Required action
Repeat every entry word for word, skipping the pictures.
*** Opening Data provided ***
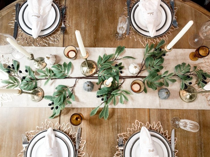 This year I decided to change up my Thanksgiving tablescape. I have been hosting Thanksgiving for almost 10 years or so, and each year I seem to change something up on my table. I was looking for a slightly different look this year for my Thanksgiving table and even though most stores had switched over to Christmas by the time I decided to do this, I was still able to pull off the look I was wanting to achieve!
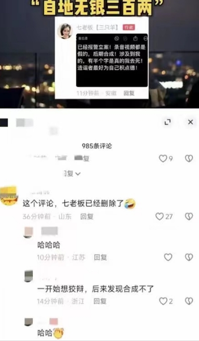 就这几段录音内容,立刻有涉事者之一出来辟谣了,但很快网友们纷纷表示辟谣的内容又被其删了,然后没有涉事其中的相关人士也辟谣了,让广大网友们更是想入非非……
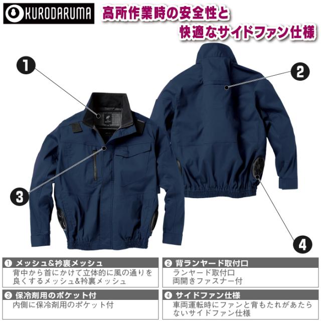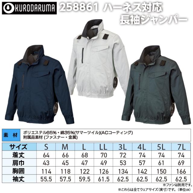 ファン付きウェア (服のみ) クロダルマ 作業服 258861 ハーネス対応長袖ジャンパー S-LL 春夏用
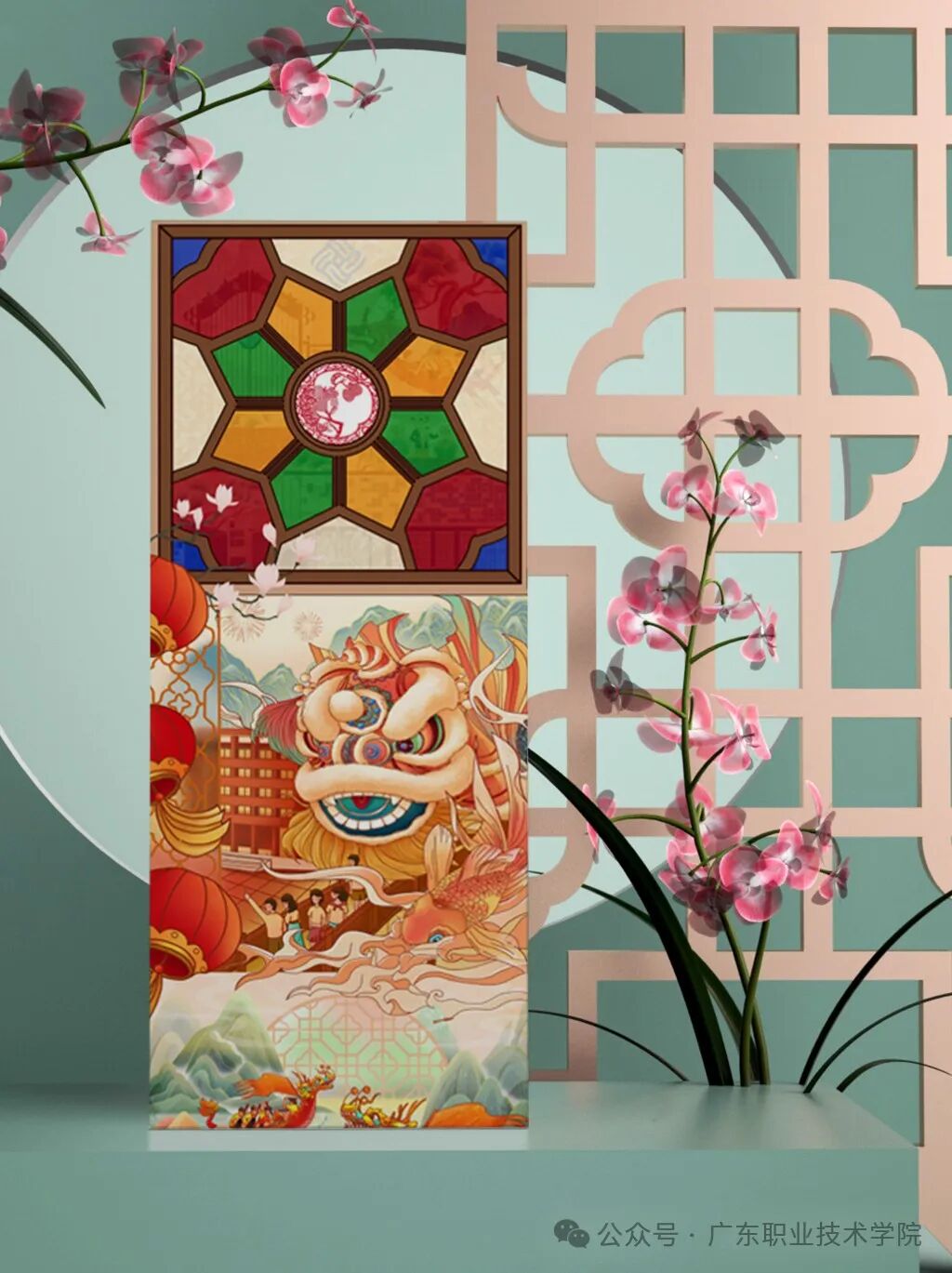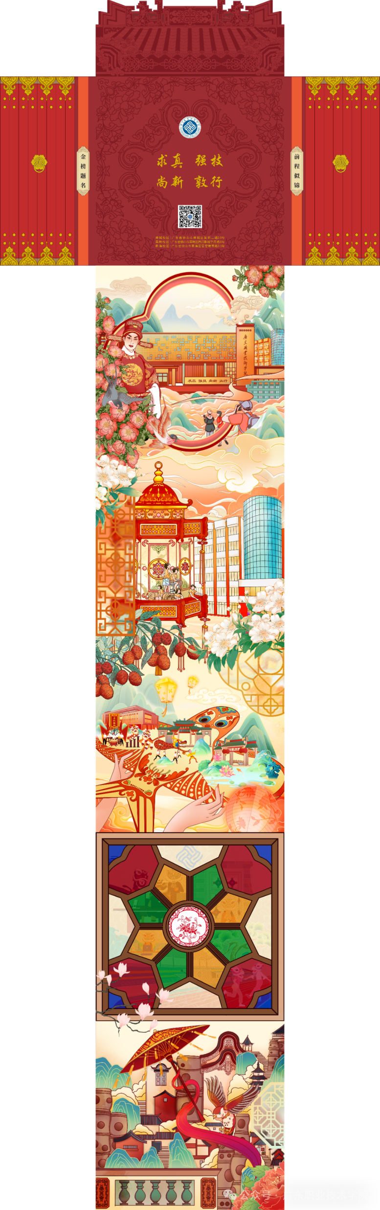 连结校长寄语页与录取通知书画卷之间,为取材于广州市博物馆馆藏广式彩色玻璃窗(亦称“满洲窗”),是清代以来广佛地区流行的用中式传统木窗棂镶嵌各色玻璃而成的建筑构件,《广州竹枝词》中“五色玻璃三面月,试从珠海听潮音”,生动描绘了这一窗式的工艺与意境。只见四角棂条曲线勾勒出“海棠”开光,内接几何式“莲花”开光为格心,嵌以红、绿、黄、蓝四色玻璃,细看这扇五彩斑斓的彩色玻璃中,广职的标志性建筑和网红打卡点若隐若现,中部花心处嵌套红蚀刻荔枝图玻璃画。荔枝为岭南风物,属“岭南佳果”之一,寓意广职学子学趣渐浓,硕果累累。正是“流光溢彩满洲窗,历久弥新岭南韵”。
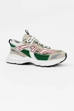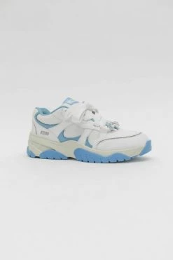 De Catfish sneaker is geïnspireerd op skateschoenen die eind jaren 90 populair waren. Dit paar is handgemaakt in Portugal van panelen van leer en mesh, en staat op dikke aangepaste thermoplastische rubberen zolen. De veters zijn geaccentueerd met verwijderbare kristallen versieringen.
*** Closing Data provided ***
Exercise answer
 This year I decided to change up my Thanksgiving tablescape. I have been hosting Thanksgiving for almost 10 years or so, and each year I seem to change something up on my table. I was looking for a slightly different look this year for my Thanksgiving table and even though most stores had switched over to Christmas by the time I decided to do this, I was still able to pull off the look I was wanting to achieve!
 就这几段录音内容,立刻有涉事者之一出来辟谣了,但很快网友们纷纷表示辟谣的内容又被其删了,然后没有涉事其中的相关人士也辟谣了,让广大网友们更是想入非非……
 ファン付きウェア (服のみ) クロダルマ 作業服 258861 ハーネス対応長袖ジャンパー S-LL 春夏用
 连结校长寄语页与录取通知书画卷之间,为取材于广州市博物馆馆藏广式彩色玻璃窗(亦称“满洲窗”),是清代以来广佛地区流行的用中式传统木窗棂镶嵌各色玻璃而成的建筑构件,《广州竹枝词》中“五色玻璃三面月,试从珠海听潮音”,生动描绘了这一窗式的工艺与意境。只见四角棂条曲线勾勒出“海棠”开光,内接几何式“莲花”开光为格心,嵌以红、绿、黄、蓝四色玻璃,细看这扇五彩斑斓的彩色玻璃中,广职的标志性建筑和网红打卡点若隐若现,中部花心处嵌套红蚀刻荔枝图玻璃画。荔枝为岭南风物,属“岭南佳果”之一,寓意广职学子学趣渐浓,硕果累累。正是“流光溢彩满洲窗,历久弥新岭南韵”。
 De Catfish sneaker is geïnspireerd op skateschoenen die eind jaren 90 populair waren. Dit paar is handgemaakt in Portugal van panelen van leer en mesh, en staat op dikke aangepaste thermoplastische rubberen zolen. De veters zijn geaccentueerd met verwijderbare kristallen versieringen.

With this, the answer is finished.